2024年1月29日月曜日

確率の問題は印象ではなく計算で答えるように (2016-11-28)

 意志決定問題としては、好きにすればいいけど、 期待値は勘でなく計算で出そう。

得はどうかはおいといて、開封したときの期待値の問題にする。

2つの区別できない封筒があり、片方にはもう片方の倍の金額が入っている。 開封後に一度だけ交換できる約束のとき、X円入っていた。 もう片方の期待値は何円か。

期待値の定義を確認すると、 確率関数がp(x)のとき、 f(x)の期待値はΣf(x)p(x)。 つまり、当然だけど、期待値は確率分布に依存する。

ところが、この問題には確率分布が書いてない(ここで、アレって思うこと)。

こういうばあい、数学の問題のお約束としては、 可能なすべての答えを出さなければならない。 つまり、全部の確率分布における答えを出さないといけない(この時点で、解が複数あったり、不定だったりすることを覚悟)。

例えば、 X円、X/2円の封筒が1つずつしかないときに、 「片方にはもう片方の倍の金額が入っている」と言われても嘘ではないし、 開封したらX円入っていることはありうる。 そこで、答えの中に、このときの期待値 -X/2円が含まれていないと困る。

同様に、X円、2X円の封筒が1つずつしかないときに、 「片方にはもう片方の倍の金額が入っている」と言われても嘘ではないし、 開封したらX円入っていることはありうる。 そこで、答えの中に、このときの期待値 X円が含まれていないと困る。

こういうふうに全部の確率分布を調べていくわけにはいかないので、 確率分布を文字式で処理する。

胴元が封筒にx円を入れる確率をp(x)する。 X円が入っているとき、 胴元が 3X/2円入れていれば、増減は -X/2円。 3X円入れていれば、増減は +X円。 前者の条件つき確率が p(3X/2)/(p(3X/2)+p(3X))、 後者の条件つき確率が p(3X)/(p(3X/2)+p(3X)) なので、 期待値は ((-X/2)p(3X/2)+Xp(3X))/(p(3X/2)+p(3X))。

このままだと評価しにくいので、p(3X)/(p(3X/2)+p(3X))=q とおく。 そうすると、期待値は X(3q-1)/2。 0≦q≦1 なので、-X/2≦期待値≦X。

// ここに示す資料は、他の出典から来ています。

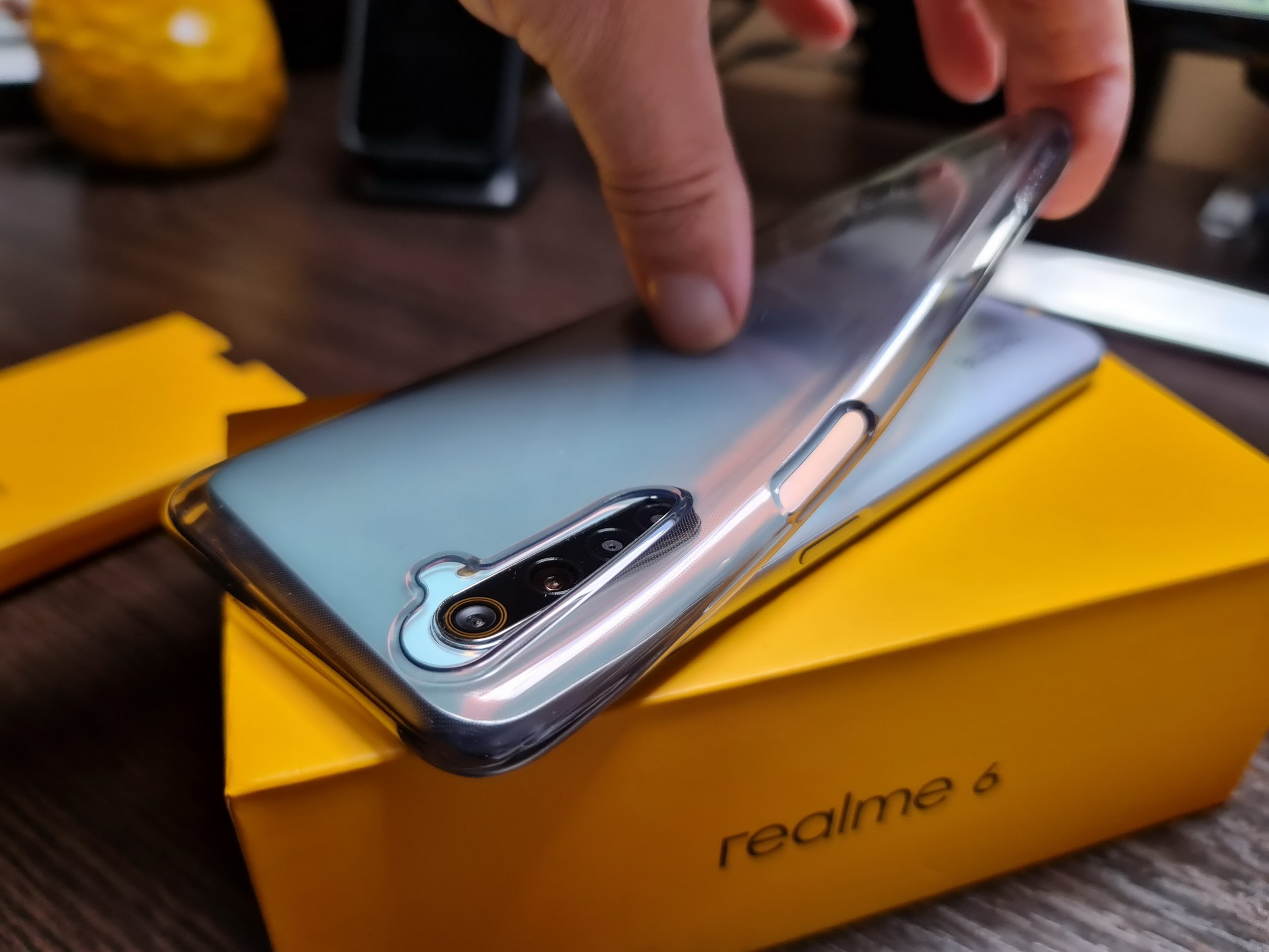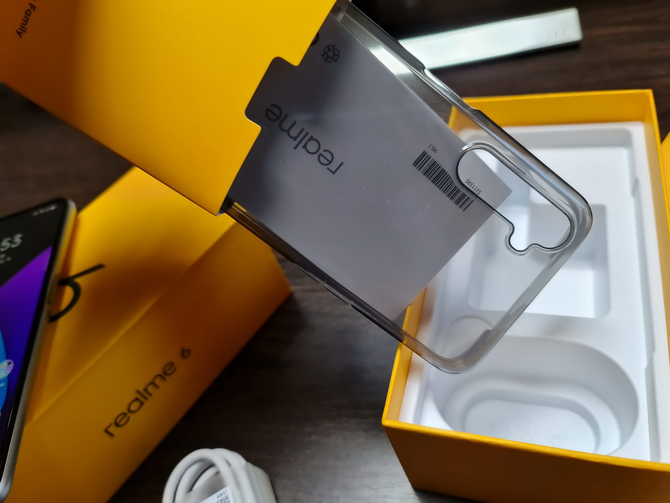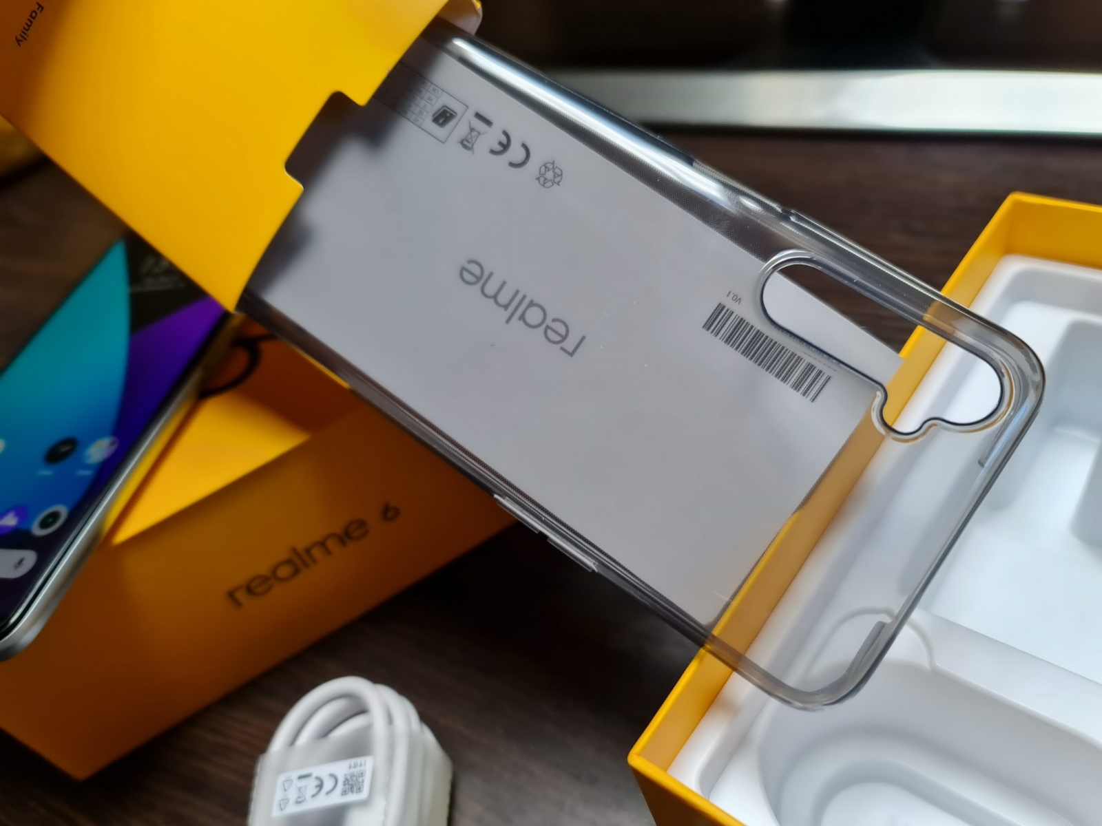 Este un soi de alb perlat cu "ape" albastre şi o formă de litera "V" pe spate. În cutie găsim încărcătorul de 30W cu tehnologie VOOC, împrumutată de la Oppo (are dimensiuni destul de mari aş zice), dar şi un cablu USB-C la USB-A, o husă din silicon, cheiţa metalică pentru acces la sloturi şi manual. Avem şi o protecţie din plastic aplicată din fabrică pe ecran. Realme 6 măsoară 8.9 mm în talie şi cântăreşte 191 de grame. Se simte destul de greu în mâna la prima atingere, dar aderenta pare OK.

この問題が混乱しやすいのは、 確率分布が与えられていない不定の問題にもかかわらず、 確率分布が1つあるような気がしてしまうから。 そうすると、 《わからないから一様分布だ》バイアスが炸裂するので、 q=1/2のときの期待値 X/4 円だと思い込んでしまう。

《いろいろなばあいを考えている俺は正しいはずだ》と ここまで説明しても思っている人はいるだろうけど、 その思いうかべたものは、 複数の確率分布をごっちゃにしたもので、 数学的にはあつかえないからね。